• TASK TO COMPLETE
Take from the entries below the stretch from the line with "I can't post" through the line with "人生下来是无知的,但并不愚蠢", and return it exactly, leaving the pictures out.

• INPUT RECORDS
--------------------

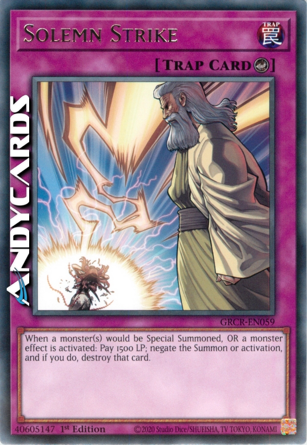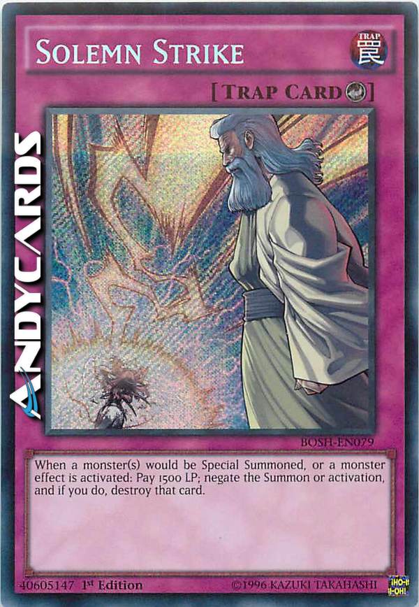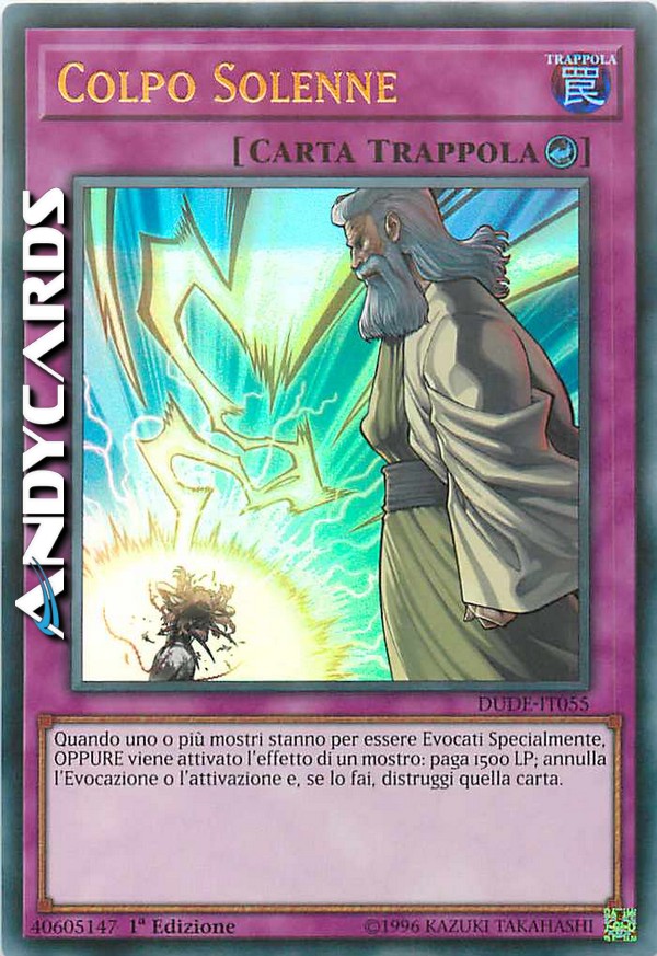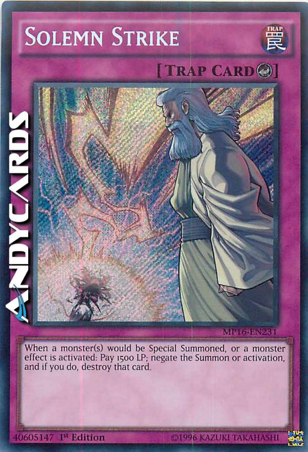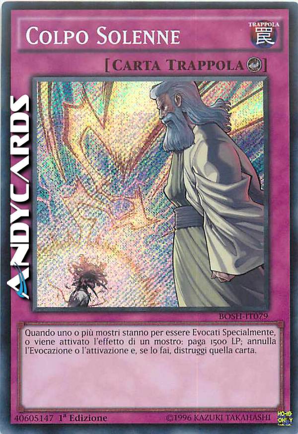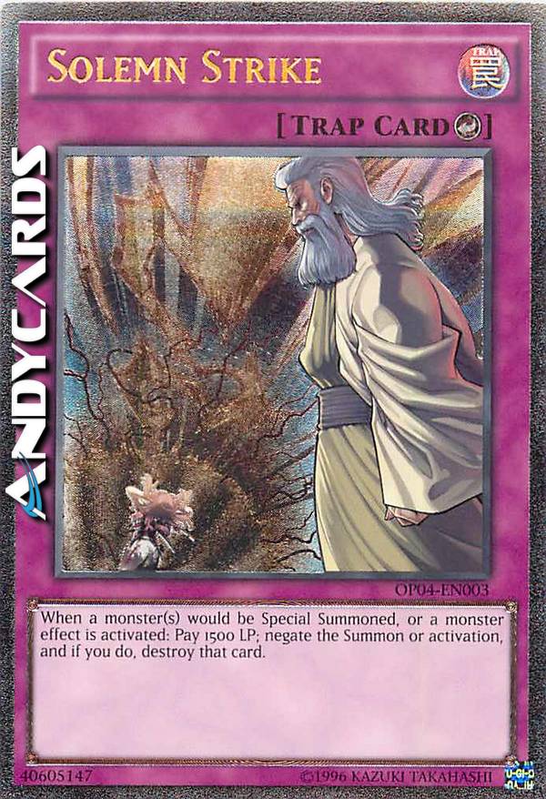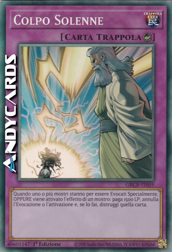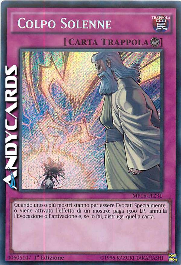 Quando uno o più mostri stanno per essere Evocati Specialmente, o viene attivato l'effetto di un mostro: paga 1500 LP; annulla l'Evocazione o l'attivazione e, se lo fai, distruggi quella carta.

--------------------

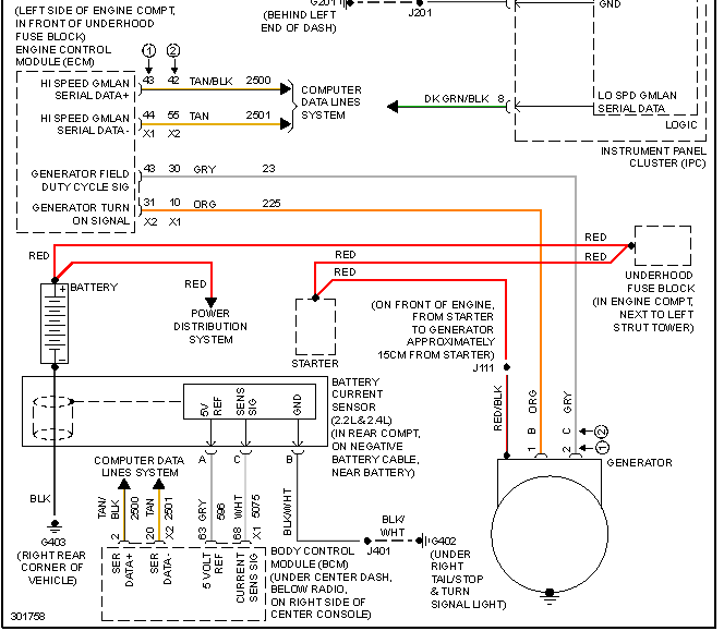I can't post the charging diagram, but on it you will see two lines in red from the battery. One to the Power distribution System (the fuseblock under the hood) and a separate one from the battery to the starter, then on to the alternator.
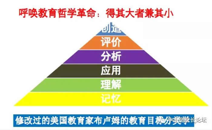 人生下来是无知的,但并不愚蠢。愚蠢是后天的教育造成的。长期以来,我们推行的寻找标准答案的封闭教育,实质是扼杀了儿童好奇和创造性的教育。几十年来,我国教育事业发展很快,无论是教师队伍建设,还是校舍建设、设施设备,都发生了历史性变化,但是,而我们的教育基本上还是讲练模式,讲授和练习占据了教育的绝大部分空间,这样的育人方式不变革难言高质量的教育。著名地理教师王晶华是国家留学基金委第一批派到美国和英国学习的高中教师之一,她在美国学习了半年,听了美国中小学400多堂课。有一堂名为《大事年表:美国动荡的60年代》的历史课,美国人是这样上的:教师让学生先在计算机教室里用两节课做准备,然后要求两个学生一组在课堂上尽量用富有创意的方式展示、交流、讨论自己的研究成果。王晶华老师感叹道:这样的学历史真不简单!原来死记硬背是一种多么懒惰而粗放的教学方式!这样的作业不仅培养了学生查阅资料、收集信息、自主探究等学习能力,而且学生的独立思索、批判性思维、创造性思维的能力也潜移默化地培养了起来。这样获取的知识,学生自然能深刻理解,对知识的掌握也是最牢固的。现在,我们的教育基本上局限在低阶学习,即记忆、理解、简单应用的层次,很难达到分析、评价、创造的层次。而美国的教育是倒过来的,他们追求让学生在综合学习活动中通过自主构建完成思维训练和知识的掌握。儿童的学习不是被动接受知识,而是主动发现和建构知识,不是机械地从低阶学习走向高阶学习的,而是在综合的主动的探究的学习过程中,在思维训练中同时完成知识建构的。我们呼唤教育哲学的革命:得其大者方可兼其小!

--------------------

• RESPONSE TO THIS TASK
I can't post the charging diagram, but on it you will see two lines in red from the battery. One to the Power distribution System (the fuseblock under the hood) and a separate one from the battery to the starter, then on to the alternator.
 人生下来是无知的,但并不愚蠢。愚蠢是后天的教育造成的。长期以来,我们推行的寻找标准答案的封闭教育,实质是扼杀了儿童好奇和创造性的教育。几十年来,我国教育事业发展很快,无论是教师队伍建设,还是校舍建设、设施设备,都发生了历史性变化,但是,而我们的教育基本上还是讲练模式,讲授和练习占据了教育的绝大部分空间,这样的育人方式不变革难言高质量的教育。著名地理教师王晶华是国家留学基金委第一批派到美国和英国学习的高中教师之一,她在美国学习了半年,听了美国中小学400多堂课。有一堂名为《大事年表:美国动荡的60年代》的历史课,美国人是这样上的:教师让学生先在计算机教室里用两节课做准备,然后要求两个学生一组在课堂上尽量用富有创意的方式展示、交流、讨论自己的研究成果。王晶华老师感叹道:这样的学历史真不简单!原来死记硬背是一种多么懒惰而粗放的教学方式!这样的作业不仅培养了学生查阅资料、收集信息、自主探究等学习能力,而且学生的独立思索、批判性思维、创造性思维的能力也潜移默化地培养了起来。这样获取的知识,学生自然能深刻理解,对知识的掌握也是最牢固的。现在,我们的教育基本上局限在低阶学习,即记忆、理解、简单应用的层次,很难达到分析、评价、创造的层次。而美国的教育是倒过来的,他们追求让学生在综合学习活动中通过自主构建完成思维训练和知识的掌握。儿童的学习不是被动接受知识,而是主动发现和建构知识,不是机械地从低阶学习走向高阶学习的,而是在综合的主动的探究的学习过程中,在思维训练中同时完成知识建构的。我们呼唤教育哲学的革命:得其大者方可兼其小!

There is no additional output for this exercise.